I am also not sure if this VisualBasic-Assembly will be avail on a long term.
Any ideas here?

With some extra precautions for security and to prevent inadvertent string extrapolation, you can combine Invoke-Expression with Write-Output, though note that Invoke-Expression should generally be avoided:
$fieldList = '"Miller, Steve", "Zappa, Frank", "Johnson, Earvin ""Magic""", "Honey, I''m $HOME"'
# Parse into array.
$fields = (
Invoke-Expression ("Write-Output -- " + ($fieldList -replace '\$', "`0"))
) -replace "`0", '$$'
Note:
-replace '\$', "`0" temporarily replaces literal $ chars. in the input with NUL chars. to prevent accidental (or malicious) string expansion (interpolation); the second -replace operation restores the original $ chars.
See this answer for more information about the regex-based -replace operator.
Prepending Write-Output -- to the resulting string and interpreting the result as a PowerShell command via Invoke-Expression causes Write-Output to parse the remainder of the string as individual arguments and output them as such. -- ensures that any arguments that happen to look like Write-Output's own parameters are not interpreted as such.
If and only if the input string is guaranteed to never contain embedded $ characters, the solution can be simplified to:
$fields = Invoke-Expression "Write-Output -- $fieldList"
Outputting $fields yields the following:
Miller, Steve
Zappa, Frank
Johnson, Earvin "Magic"
Honey, I'm $HOME
Explanation and list of constraints:
The solution relies on making the input string part of a string whose content is a syntactically valid Write-Output call, with the input string serving as the latter's arguments.

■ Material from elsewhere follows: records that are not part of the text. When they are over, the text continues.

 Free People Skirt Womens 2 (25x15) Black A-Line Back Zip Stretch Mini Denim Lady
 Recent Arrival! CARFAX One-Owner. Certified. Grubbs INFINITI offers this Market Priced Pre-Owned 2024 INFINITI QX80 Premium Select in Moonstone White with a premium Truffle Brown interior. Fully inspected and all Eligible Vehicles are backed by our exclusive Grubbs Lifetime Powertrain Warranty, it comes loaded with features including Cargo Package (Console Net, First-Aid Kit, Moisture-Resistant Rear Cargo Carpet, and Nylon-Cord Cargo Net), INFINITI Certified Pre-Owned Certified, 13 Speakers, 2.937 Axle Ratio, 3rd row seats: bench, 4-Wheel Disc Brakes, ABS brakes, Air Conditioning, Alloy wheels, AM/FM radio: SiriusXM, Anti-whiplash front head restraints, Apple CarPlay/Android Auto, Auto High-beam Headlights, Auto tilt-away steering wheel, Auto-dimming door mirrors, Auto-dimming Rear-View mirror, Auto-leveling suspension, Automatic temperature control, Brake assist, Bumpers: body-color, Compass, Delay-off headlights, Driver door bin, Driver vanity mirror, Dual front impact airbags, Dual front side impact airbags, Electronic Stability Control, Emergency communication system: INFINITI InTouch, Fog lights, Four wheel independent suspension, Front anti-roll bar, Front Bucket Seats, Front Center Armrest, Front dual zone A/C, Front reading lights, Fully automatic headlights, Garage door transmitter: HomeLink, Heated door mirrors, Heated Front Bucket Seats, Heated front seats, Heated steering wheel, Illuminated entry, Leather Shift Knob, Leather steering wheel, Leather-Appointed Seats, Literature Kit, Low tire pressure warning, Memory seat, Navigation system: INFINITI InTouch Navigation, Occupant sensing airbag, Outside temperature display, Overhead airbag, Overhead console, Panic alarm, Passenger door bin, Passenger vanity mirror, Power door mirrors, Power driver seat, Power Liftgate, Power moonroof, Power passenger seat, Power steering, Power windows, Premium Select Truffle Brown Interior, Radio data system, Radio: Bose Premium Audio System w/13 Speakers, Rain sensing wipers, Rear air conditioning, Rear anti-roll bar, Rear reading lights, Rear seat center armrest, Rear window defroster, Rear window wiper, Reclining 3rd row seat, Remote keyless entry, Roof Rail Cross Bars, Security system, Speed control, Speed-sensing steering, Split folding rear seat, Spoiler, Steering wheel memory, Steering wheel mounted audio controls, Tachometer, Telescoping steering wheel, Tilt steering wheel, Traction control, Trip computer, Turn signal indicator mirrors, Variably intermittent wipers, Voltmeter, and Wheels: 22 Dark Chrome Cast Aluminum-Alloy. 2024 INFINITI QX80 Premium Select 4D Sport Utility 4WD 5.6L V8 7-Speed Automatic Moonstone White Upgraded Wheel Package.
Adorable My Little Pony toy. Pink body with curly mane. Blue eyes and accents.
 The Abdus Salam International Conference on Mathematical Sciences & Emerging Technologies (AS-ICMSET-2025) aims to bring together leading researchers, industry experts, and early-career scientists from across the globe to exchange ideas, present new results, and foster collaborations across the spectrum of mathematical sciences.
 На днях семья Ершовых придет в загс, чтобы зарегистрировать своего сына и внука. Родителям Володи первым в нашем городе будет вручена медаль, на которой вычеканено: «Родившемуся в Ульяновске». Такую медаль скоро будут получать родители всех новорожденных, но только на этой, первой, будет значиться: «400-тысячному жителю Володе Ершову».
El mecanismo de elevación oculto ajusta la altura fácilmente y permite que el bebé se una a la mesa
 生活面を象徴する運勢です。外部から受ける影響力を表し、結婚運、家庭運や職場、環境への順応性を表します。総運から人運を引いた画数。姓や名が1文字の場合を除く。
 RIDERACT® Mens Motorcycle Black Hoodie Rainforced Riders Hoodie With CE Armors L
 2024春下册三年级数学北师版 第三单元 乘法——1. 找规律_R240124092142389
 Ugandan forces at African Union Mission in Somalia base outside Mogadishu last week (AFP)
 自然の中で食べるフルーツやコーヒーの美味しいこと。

Invoke-Expression then evaluates this string as if its content had directly been submitted as a command and therefore executes the Write-Output command. Based on how PowerShell parses command arguments, this implies the following constraints:
Supported field separators:
Either: ,-separated (with per-field (unquoted) leading and/or trailing whitespace getting removed, as shown above).
Or: whitespace-separated, using one or more whitespace characters between the fields.
Non-/quoting of embedded fields:
Fields can be quoted:
If single-quoted ('...'), field-internal ' characters must be escaped as ''.
If double-quoted, field-internal " characters must be escaped as either "" or `".
Fields can also be unquoted:
However, such fields mustn't contain any PowerShell argument-mode metacharacters (of these, < > # # are only metacharacters at the start of a token):
<space> ' " ` , ; ( ) { } | & < > # #
Alternative, via ConvertFrom-Csv:
iRon's helpful answer shows a solution based on ConvertFrom-Csv, given that the field list embedded in the input string is comma-separated (,):
On the one hand, it is more limited in that it only supports "..."-quoting of fields and ""-escaping of field-internal ", and doesn't support fields separated by varying amounts of whitespace (only).
On the other hand, it is more flexible, in that it supports any single-character separator between the fields (irrespective of incidental leading/trailing per-field whitespace), which can be specified via the -Delimiter parameter.
What makes the solution awkward is the need to anticipate the max. number of embedded fields and to provide dummy headers (column names) for them (-Header (0..99)) in order to make ConvertFrom-Csv work, which is both fragile and potentially wasteful.
However, a simple trick can bypass this problem: Submit the input string twice, in which case ConvertFrom-Csv treats the fields in the input string as both the column names and as the column values of the one and only output row (object), whose values can then be queried:
$fieldList = '"Miller, Steve", "Zappa, Frank", "Johnson, Earvin ""Magic""", "Honey, I''m $HOME"'
# Creates the same array as the solution at the top.
$fields = ($fieldList, $fieldList | ConvertFrom-Csv).psobject.Properties.Value

If the list is limited, you might use the parser of the ConvertFrom-Csv cmdlet, like:
$List = '"Miller, Steve", "Zappa, Frank", "Johnson, Earvin ""Magic""", "Honey, I''m $HOME"'
($List | ConvertFrom-Csv -Header (0..99)).PSObject.Properties.Value.Where{ $Null -ne $_ }
Miller, Steve
Zappa, Frank
Johnson, Earvin "Magic"
Honey, I'm $HOME

Related

How do I remove characters like "?" from an array powershell

I am trying to validate strings of text taken from PC descriptions in Active Directory.
But I want to remove rogue characters like a single value of "??" from any text before validating any text.
I have this test code as an example. But whenever it hits the random character "??"
It throws this error:
Error:
parsing "??" - Quantifier {x,y} following nothing.
At C:\Users\#####\OneDrive\Workingscripts\testscripts\removeingfromarray.ps1:11 char:5
+ If ($charigmorematch -match $descstr)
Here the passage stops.